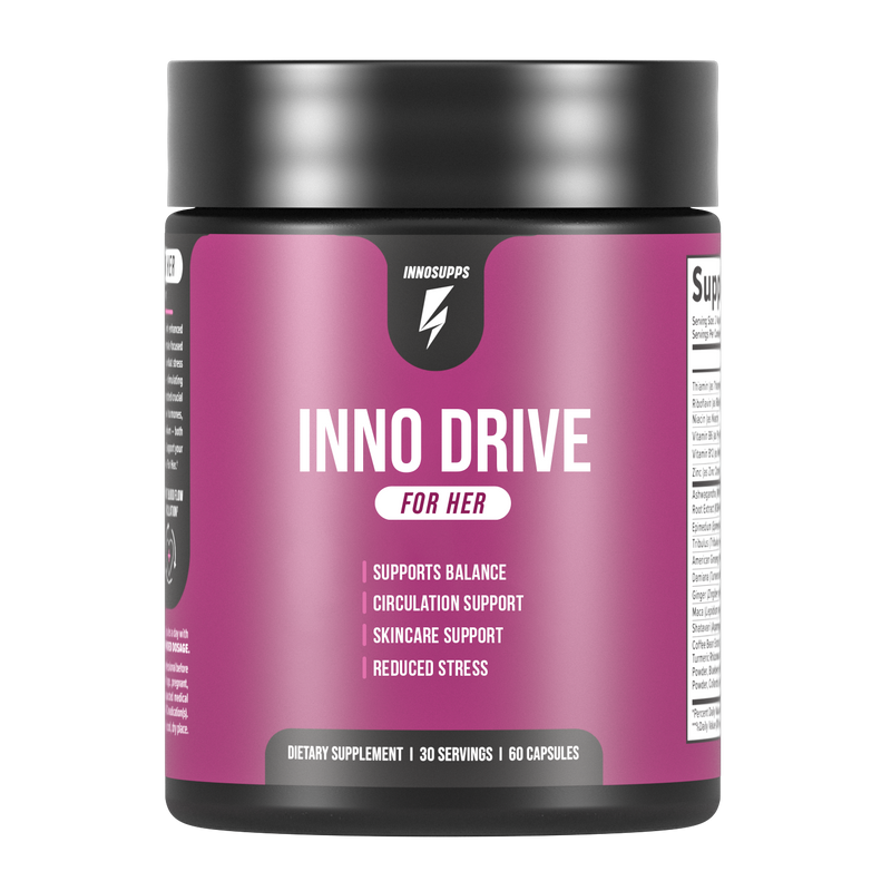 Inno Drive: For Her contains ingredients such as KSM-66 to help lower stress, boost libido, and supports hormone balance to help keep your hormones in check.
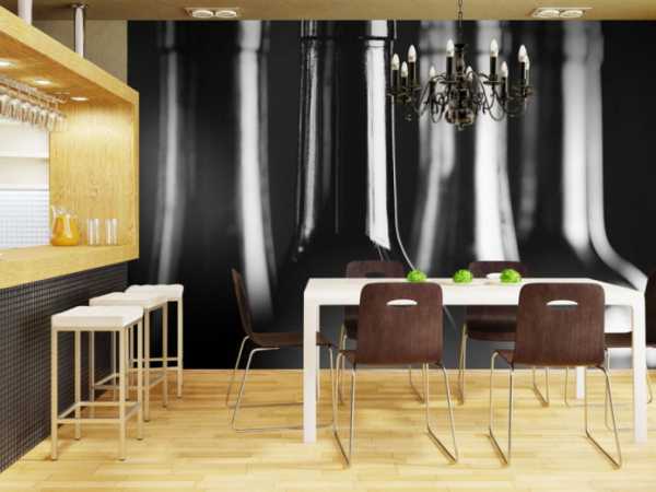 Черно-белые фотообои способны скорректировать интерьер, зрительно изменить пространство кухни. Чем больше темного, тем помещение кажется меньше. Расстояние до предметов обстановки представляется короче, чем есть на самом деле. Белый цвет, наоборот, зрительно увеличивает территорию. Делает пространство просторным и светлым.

********************

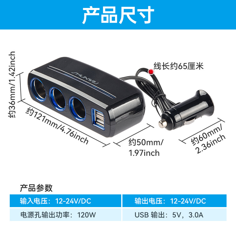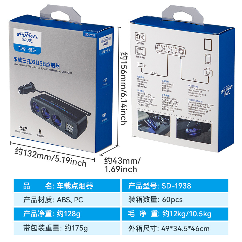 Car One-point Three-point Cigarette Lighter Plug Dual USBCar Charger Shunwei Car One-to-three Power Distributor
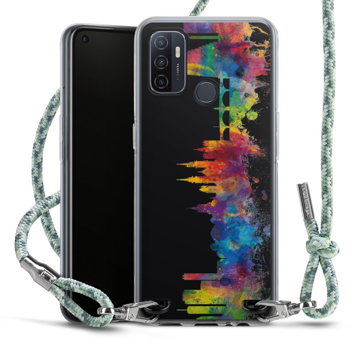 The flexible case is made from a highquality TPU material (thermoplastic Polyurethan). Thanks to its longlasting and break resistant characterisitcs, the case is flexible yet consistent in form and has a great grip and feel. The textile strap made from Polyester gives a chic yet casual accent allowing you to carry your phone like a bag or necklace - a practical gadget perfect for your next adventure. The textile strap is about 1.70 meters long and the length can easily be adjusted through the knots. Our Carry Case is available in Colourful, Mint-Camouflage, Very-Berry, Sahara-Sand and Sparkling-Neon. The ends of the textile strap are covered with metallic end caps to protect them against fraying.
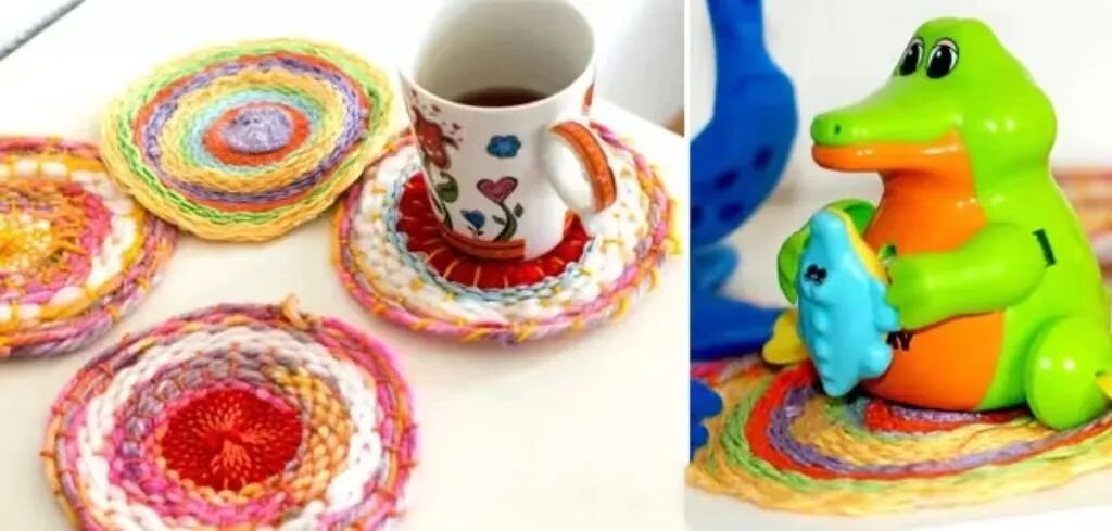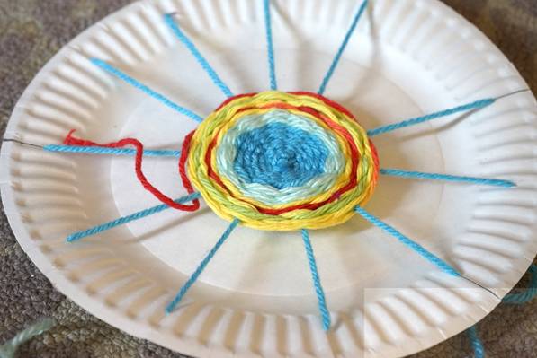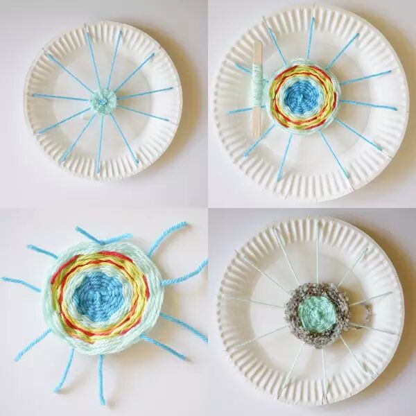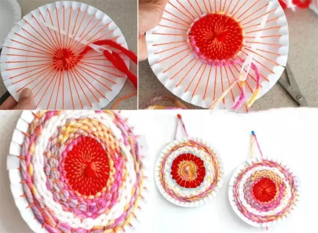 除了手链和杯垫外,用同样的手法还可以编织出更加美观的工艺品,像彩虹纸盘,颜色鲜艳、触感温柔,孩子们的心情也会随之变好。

********************

What is needed: Out of the records above, set down only the lines from the one that contains "Inno Drive: For" through the one that contains "Черно-белые фотообои способны", unchanged and without the pictures.

Result of the exercise:
 Inno Drive: For Her contains ingredients such as KSM-66 to help lower stress, boost libido, and supports hormone balance to help keep your hormones in check.
 Черно-белые фотообои способны скорректировать интерьер, зрительно изменить пространство кухни. Чем больше темного, тем помещение кажется меньше. Расстояние до предметов обстановки представляется короче, чем есть на самом деле. Белый цвет, наоборот, зрительно увеличивает территорию. Делает пространство просторным и светлым.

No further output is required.